##### Working data #####

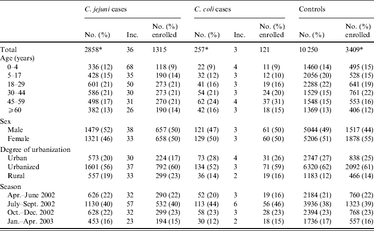 Of the C. jejuni and C. coli cases 1315 (46%) and 121 (47%), respectively, completed a questionnaire. The questionnaire response was higher in the 45–59 years age group (54% and 60%, respectively) and in urbanized (49% and 53%, respectively) and rural (54% and 53%, respectively) areas (Table 1). Of C. jejuni cases, the response was lower for children aged 0–4 years (35%) and for C. coli cases the response was lower for children aged 5–17 years (38%). From April to June 2002, a lower response was observed in C. coli cases (37%), whereas in January to April 2003, a higher response was observed (60%).
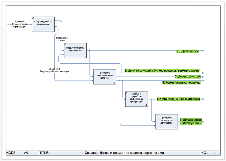 Базовые элементы лучше рассматривать в логической цепочке: Дерево целей → функциональные цепочки к целям → дерево функций → функциональная матрица → управленческая организационная диаграмма (структура) → должностные инструкции.
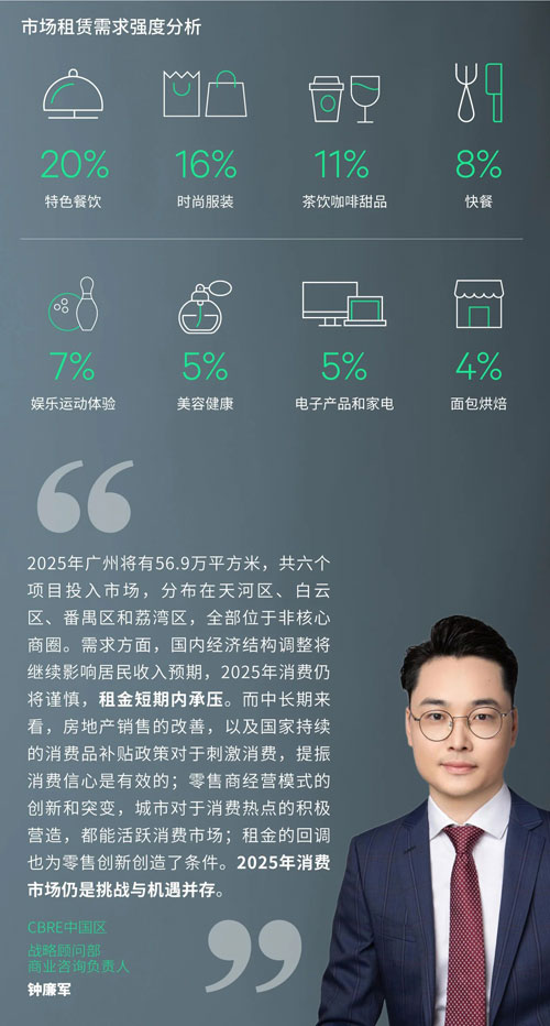 細(xì)分業(yè)態(tài)方面,餐飲業(yè)態(tài)中表現(xiàn)最活躍的是特色餐飲,43%的新店來自該類別,包括落址于天環(huán)的廣州首家肉肉大米,而年底開業(yè)的廣州塔廣場(chǎng)也引入多家餐飲的廣州首店。另外,面包烘焙在餐飲新店中占比9.2%,較2023年顯著提升4.1個(gè)百分點(diǎn),是餐飲業(yè)態(tài)中增長最快的類別。KUMO KUMO年內(nèi)在廣州快速擴(kuò)張,而好利來也在廣州塔廣場(chǎng)圍板其廣州首店。零售方面,時(shí)尚服裝、電子產(chǎn)品和家電、以及珠寶配飾新店數(shù)量占比排名前三。其中最值得關(guān)注的是,珠江新城K11年內(nèi)陸續(xù)圍板奢侈品牌,如GUCCI和Dolce & Gabbana等,珠江新城商圈定位和形象都將被帶動(dòng)提升。而天河路商圈中,表現(xiàn)最突出的是成交顯著提升的運(yùn)動(dòng)品牌,錄得的新店達(dá)到商圈零售新店數(shù)量的18.5%,較2023年增加了15.7個(gè)百分點(diǎn)。
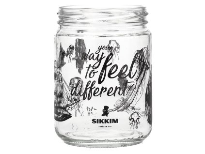 Skleněný džbánek Sikkim Gin pro perfektní koktejl Gin&Tonic. Na zadní straně dvě kalibrační čáry 2cl a 4cl.
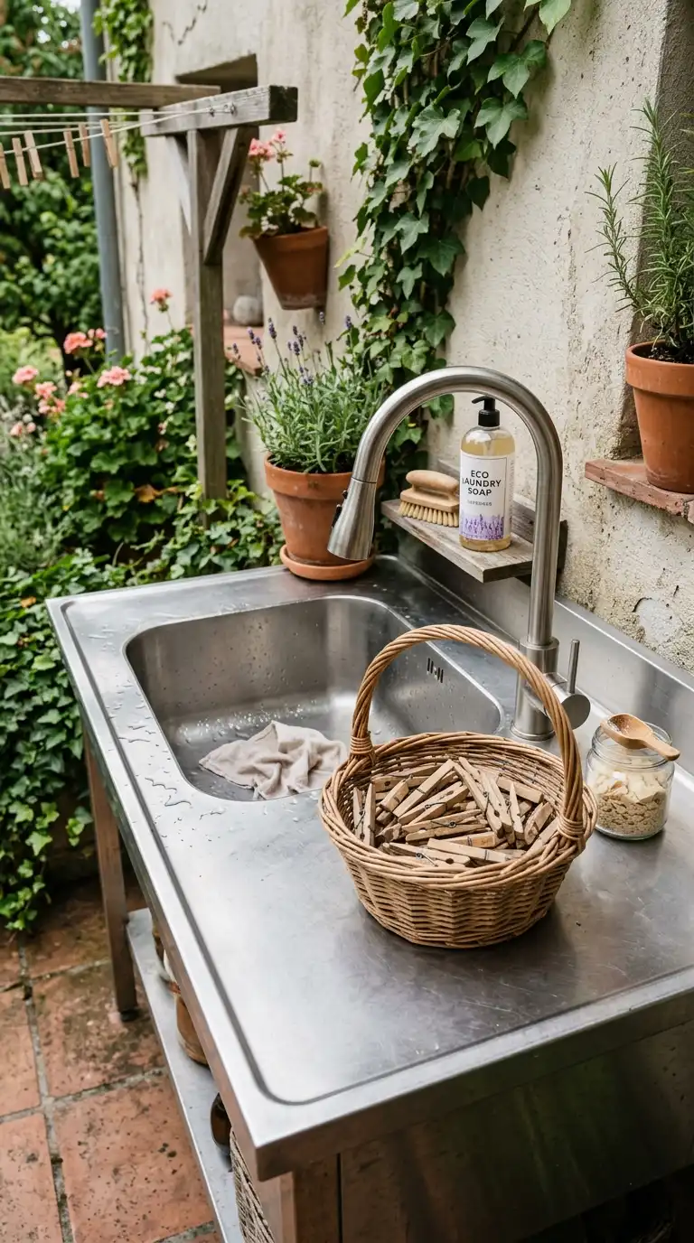 Create a simple outdoor laundry station with a weather-resistant countertop and a sink. Use a stainless steel or concrete countertop mounted on treated wood legs. Add a deep basin sink and a gooseneck faucet. Use the countertop for folding and sorting. This is a compact solution for small patios.
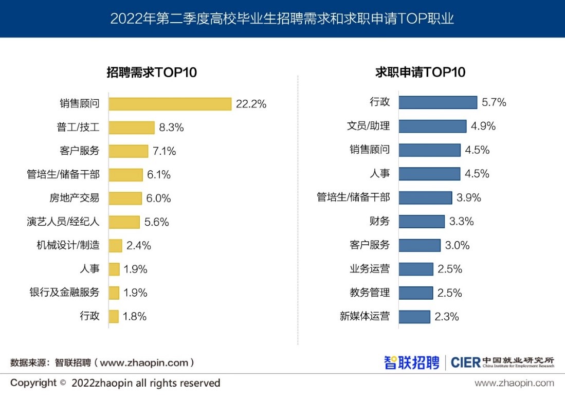从职业来看,招聘需求最多的职业为销售顾问、普工/技工、客户服务、管培生/储备干部、房地产交易等;而求职人数最多的职业为行政、文员/助理、销售顾问、人事、管培生/储备干部等。
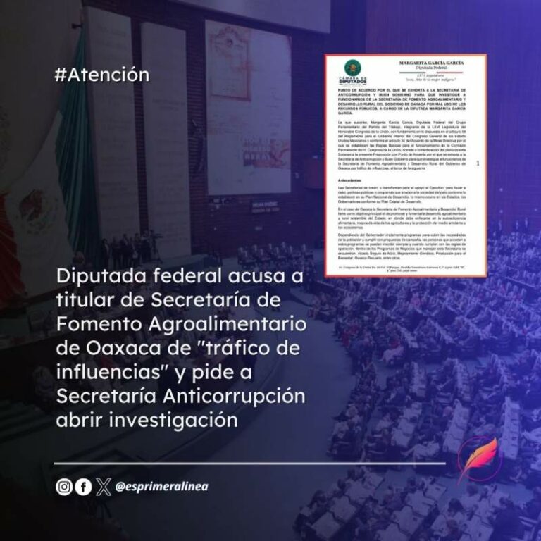 Diputada federal acusa a titular de Secretaría de Fomento Agroalimentario de Oaxaca de “tráfico de influencias” y pide a Secretaría Anticorrupción abrir investigación Diputada federal acusa a titular de Secretaría de Fomento Agroalimentario de Oaxaca de "tráfico de influencias" y pide a Secretaría… 20 junio, 2025
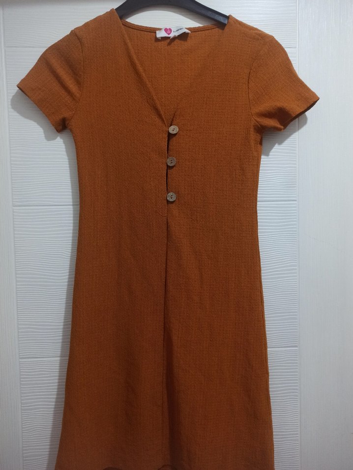 Düğmeli, V yakalı, kısa kollu ve vücuda oturan triko elbise. Turuncu, minimalist ve sokak tarzına uygun.

#####

▸ What you need to do: Copy exactly, and only, the lines running from the one containing "从职业来看,招聘需求最多的职" through the final line of the data, and omit the pictures.

▸ Exercise result:
从职业来看,招聘需求最多的职业为销售顾问、普工/技工、客户服务、管培生/储备干部、房地产交易等;而求职人数最多的职业为行政、文员/助理、销售顾问、人事、管培生/储备干部等。
 Diputada federal acusa a titular de Secretaría de Fomento Agroalimentario de Oaxaca de “tráfico de influencias” y pide a Secretaría Anticorrupción abrir investigación Diputada federal acusa a titular de Secretaría de Fomento Agroalimentario de Oaxaca de "tráfico de influencias" y pide a Secretaría… 20 junio, 2025
 Düğmeli, V yakalı, kısa kollu ve vücuda oturan triko elbise. Turuncu, minimalist ve sokak tarzına uygun.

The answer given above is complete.